Pursuant to the order of remand the case was re-opened and further evidence adduced. After hearing the district court again sustained the plea of res judicata and rejected plaintiff’s demands, from which judgment plaintiff prosecutes' this appeal.
“We feel that, in the interest of justice, the parties should have the opportunity to produce any legal, competent evidence available to them to support their respective positions concerning the lack of jurisdiction of the Chancery Court of Arkansas or relative to acquiescence in the judgment by plaintiff or reliance thereon by the defendant,”
The evidence on original hearing of this case, as supplemented by the trial pursuant to our order of remand, definitely establishes certain pertinent facts. Plaintiff employed a lawyer in Magnolia, Arkansas, who instituted divorce proceedings in that State which culminated in a judgment of final divorce dated December 17, 1963, as evidenced by duly certified decree of the Chancery Court of Columbia County, Arkansas. On December 18, 1963, plaintiff married one Michael Harrington in Was-kom, Texas. As evidenced by a certificate of birth, a daughter, who was given the name of Ronni Lea Harrington, was born to plaintiff on June 10, 1964, in the City of Shreveport. On September 6, 1965 defendant was married to one Margaret A. Baggett in Las Vegas, Nevada.
In this action plaintiff herself has inexplicably attacked the validity of the divorce rendered by the Chancery Court of Arkansas.
Upon the basis of the facts above noted our learned brother of the district court made the following comment in his written reasons for judgment:
“ — We think the plea of res judicata, as presented in the nature of a plea of es-toppel and of acquiescence, should be sustained, as the record now shows that private rights have accrued since the judgment of divorce in the Arkansas court, including the re-marriage of both plaintiff and defendant in these proceedings, and the birth of a child to plaintiff herself, who carries the name of her husband by marriage subsequent to the divorce in Arkansas. To set aside the judgment of divorce in Arkansas, as plaintiff has asked this court to do, would not only hold that she and her present husband are guilty of adultery and the baby of their marriage a bastard, but the marriage of defendant likewise invalid, and he and his wife guilty of adultery.”

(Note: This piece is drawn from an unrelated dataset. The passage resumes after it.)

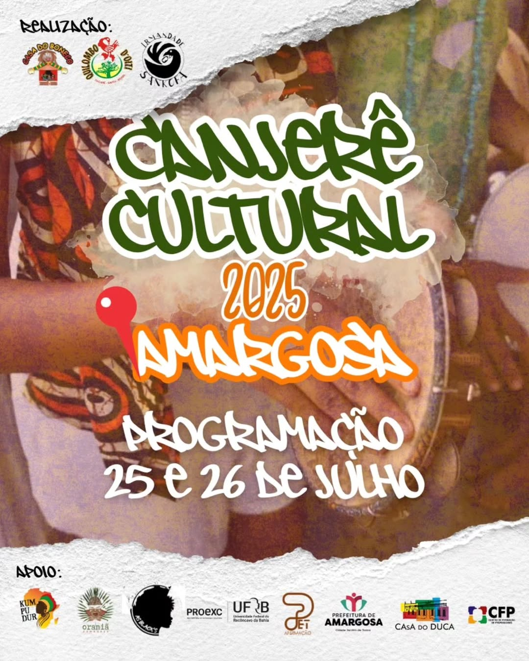 Nos próximos dias, 25 e 26 de Julho daremos continuidade ao circuito de atividades do Canjerê Cultural. Desta vez, as ações acontecerão em Amargosa, esta será a terceira cidade da edição 2025.A maior parte da programação acontecerá na @casadoduca Confira a programação completa em https://www.instagram.com/p/DMaODb0A-bI?img_index=2

We are in complete agreement with the conclusion that the plea of res judicata in this case should be considered in the light of the facts supporting acquiescence and estoppel. Plaintiff unquestionably evidenced her acquiescence in and acceptance of the effect of the Arkansas judgment of divorce by her act in marrying Michael Harrington the day following the rendition of such judgment. We have no question as to the conclusion that plaintiff’s acceptance and acquiescence effectively serves to estop her from attacking the validity of the Arkansas divorce.
The reliance of the defendant upon the validity of the Arkansas judgment is evidenced by his remarriage in September of 1965.

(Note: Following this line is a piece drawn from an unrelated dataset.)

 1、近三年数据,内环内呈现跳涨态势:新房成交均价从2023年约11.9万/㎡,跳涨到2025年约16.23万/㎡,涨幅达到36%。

The trial after remand has developed and established the existence of private rights which have arisen since and by virtue of the Arkansas judgment of divorce which brings this case squarely within the principle emphatically enunciated by our Supreme Court in Rouse v. Rouse, 219 La. 1065, 55 So.2d 246:
“ * * * the interest which the State has in the marriage relation, and its public policy as well, should dictate against the action of a person, who, like the plaintiff in this suit, would stigmatize herself as a bigamist and which also would result in injury to an innocent party like the defendant -in this suit who married the decedent in good faith and also to the children, had any been born of that marriage.”